Stop smiling, you are running!

‘Did you see that runner?’ I asked my daughter the other day. We were cycling home along a lakeside road that positively teemed with ‘physically active people,’ as the sociologists of sport put it.

‘Which one?’ she asked, looking around for clues. ‘The one we passed just now,’ I explained. ‘She was smiling, you know!’

Running tends to be a dead serious business not only for those who run for a living, which is why a smiling runner is destined to become an oxymoron. Ever heard of humble mixed martial arts fighters? It’s the same with smiling runners; they exist only in the commercial reality of glossy magazines.

When did recreational runners cease smiling and mutate into solipsistic institutes of human locomotion? The turning point appears to have preceded the Sports Tracker Smart Sensor by a few decades. American runners, according to Jean Baudrillard, ‘cocooned in the solitary sacrifice’ of their energy in the early 1980s, which may or may not have been just another symptom of the Reaganite era.

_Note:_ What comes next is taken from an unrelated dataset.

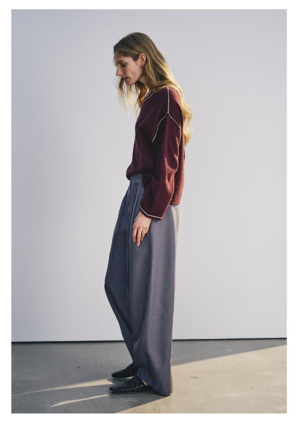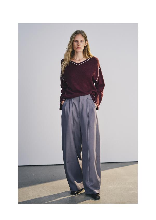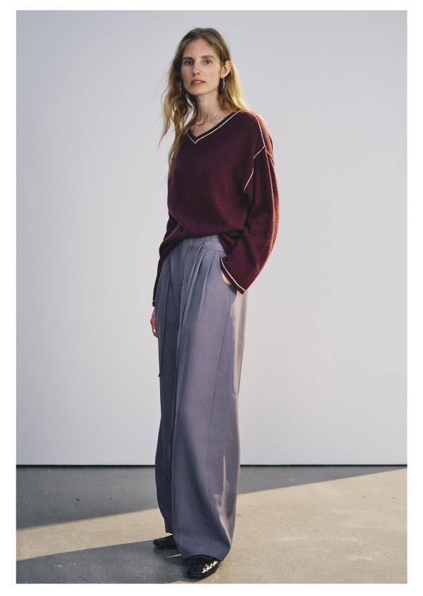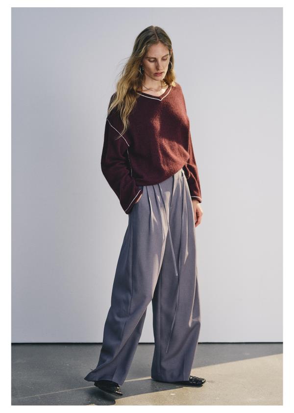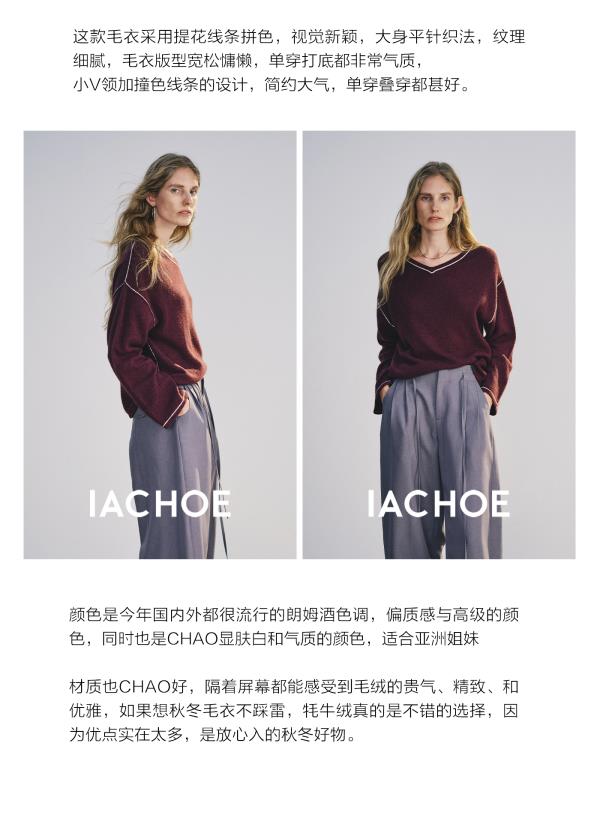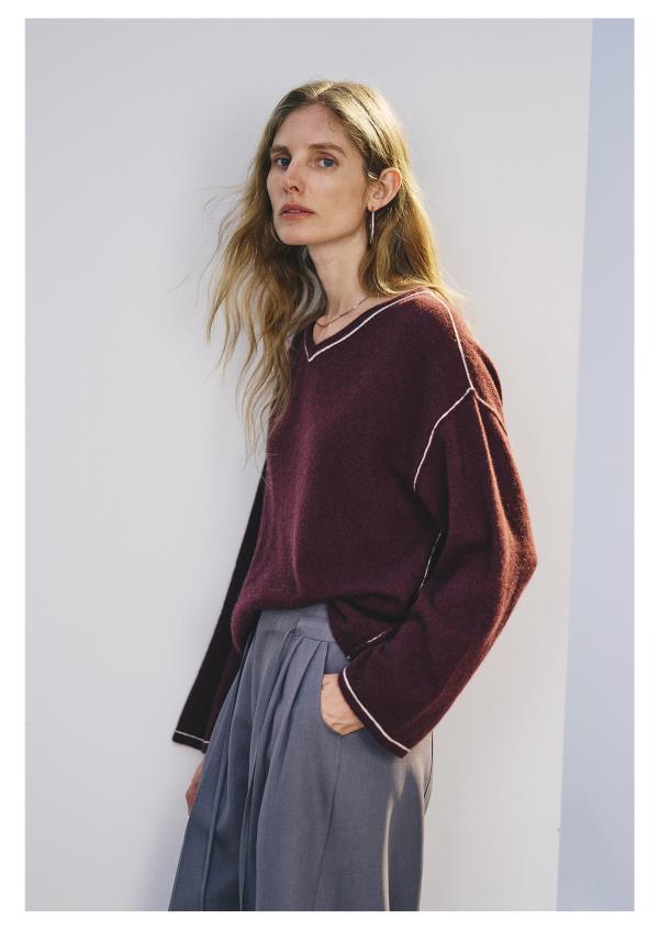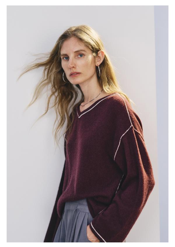 棉仓3661505006-含牦牛绒v领朗姆酒色毛衣

The French philosopher was partly right, partly wrong. As the historian Aaron Haberman recently argued, ‘solitary runners came together’ all over America in the 1970s, if not earlier (Journal of Sport History 1/2017). At least some first-generation joggers protected themselves against the proverbial trap of long-distance runner’s loneliness by setting up communities of their own.

According to Baudrillard, America, especially California, provides a glimpse of things to come, and in terms of sports technology, Europeans may well have lagged behind the American trailblazers. Subsequently, the Walkmans spotted by the French visitor evolved into the iPhones without which no self-respecting twenty-first century jogger dares to break into a sweat.

Which brings us back to this year’s wonder woman, the smiling runner circling a lake in Central Finland. ‘You see,’ I started lecturing to my daughter. ‘She smiled because she enjoys the simple act of running, which is something every person should do. Running for no other reason than the thrill of being able to keep your legs busy!’

‘You just didn’t get it, dad,’ the cycling six-year-old shot back. ‘She had earphones, didn’t you see? She must’ve been listening to music or talking to somebody. Anyway, when will I get my iPhone?’